Welcome digital dollar
The bankruptcy of FTX has made a lot of noise, yet traditional financial institutions are stepping into the world of digital currencies. Tuesday saw the debut of the Regulated Liability Network (RLN), a proof-of-concept (PoC) digital money platform, by banking institutions like HBSC, Mastercard, BNY Mellon, Wells Fargo and several others.
Related article: The threats of CBDCs – why we should not take it lightly
The project is in a testing phase, where institutions will be exploring the feasibility of an interoperable platform RLN. It will use distributed ledger technology, which could significantly improve financial settlements. Central banks will also participate in this ‘experiment.’
The before-mentioned commercial banks will issue tokens representing their customers’ deposits during the 12-week testing period of PoC. This system will test a version of the RLN design that only works in US dollars and settles through fictitious central bank reserves on a shared distributed ledger.
The PoC will evaluate the viability of the proposed system under current laws and regulations as well as the feasibility of a programmable digital money design that may be expandable to other digital assets.
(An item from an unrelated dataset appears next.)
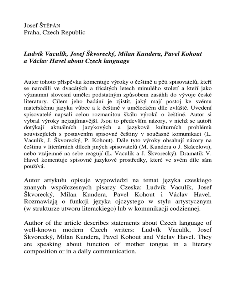 Josef ŠTĚPÁN Praha, Czech Republic Ludvík Vaculík, Josef Škvorecký, Milan Kundera, Pavel Kohout a Václav Havel about Czech language Autor tohoto příspěvku komentuje výroky o češtině u pěti spisovatelů, kteří se narodili ve dvacátých a třicátých letech minulého století a kteří jako významní slovesní umělci podstatným způsobem zasáhli do vývoje české literatury. Cílem jeho badání je zjistit, jaký mají postoj ke svému mateřskému jazyku vůbec a k češtině v uměleckém díle zvláště. Uvedení spisovatelé napsali celou rozmanitou škálu výroků o češtině. Autor si vybral výroky nejzajímavější. Jsou to především názory, v nichž se autoři dotýkají aktuálních jazykových a jazykově kulturních problémù souvisejících s postavením spisovné češtiny v současné komunikaci (L. Vaculík, J. Škvorecký, P. Kohout). Dále tyto výroky obsahují názory na češtinu v literárních dílech jiných spisovatelů (M. Kundera o J. Skácelovi), nebo vzájemně na sebe reagují (L. Vaculík a J. Škvorecký). Dramatik V. Havel komentuje spisovné jazykové prostředky, které ve svém díle sám používá. Autor artykułu opisuje wypowiedzi na temat języka czeskiego znanych współczesnych pisarzy Czeska: Ludvík Vaculík, Josef Škvorecký, Milan Kundera, Pavel Kohout i Václav Havel. Rozmawiają o funkcji języka ojczystego w stylu artystycznym (w strukturze utworu literackiego) lub w komunikacji codziennej. Author of the article describes statements about Czech language of well-known modern Czech writers: Ludvík Vaculík, Josef Škvorecký, Milan Kundera, Pavel Kohout and Václav Havel. They are speaking about function of mother tongue in a literary composition or in a daily communication.

Members involved in this testing will work alongside New York Innovation Center (NYIC).
While many people think the arrival of CBDCs has significant benefits, there are always two sides to the coin. A well-known whistleblower Edward Snowden tweeted the following regarding the announcement of the digital dollar experiment.
It begins. https://t.co/B67nUuP242
— Edward Snowden (@Snowden) November 15, 2022
CBDCs will be similar to stablecoins like USDT or BUSD, but they will be issued by governments rather than institutions with an open gate to spy on people. This is because of the greater surveillance capabilities of CBDCs. While the digital dollar is only being tested, China is far ahead with its digital yuan.
Also read: EU could ban privacy crypto coins under new laws
The current project will have a regulatory structure that complies with current laws requiring know-your-customer (KYC) and anti-money laundering measures, for example. They will allegedly even test the viability of other digital currencies like stablecoins.
The crypto crash of 2022 probably prompted many people to look at CBDCs. However, they will be sacrificing their privacy over safety. Several stablecoins are still risky because of their low liquidity, as they might collapse any day.
However, this shouldn’t happen with the largest players like USDT, USDC and BUSD. It seems like people will have the choice between stablecoins and CBDCs, but CBDCs will surely be easier to use as stablecoins are not accepted by merchants yet.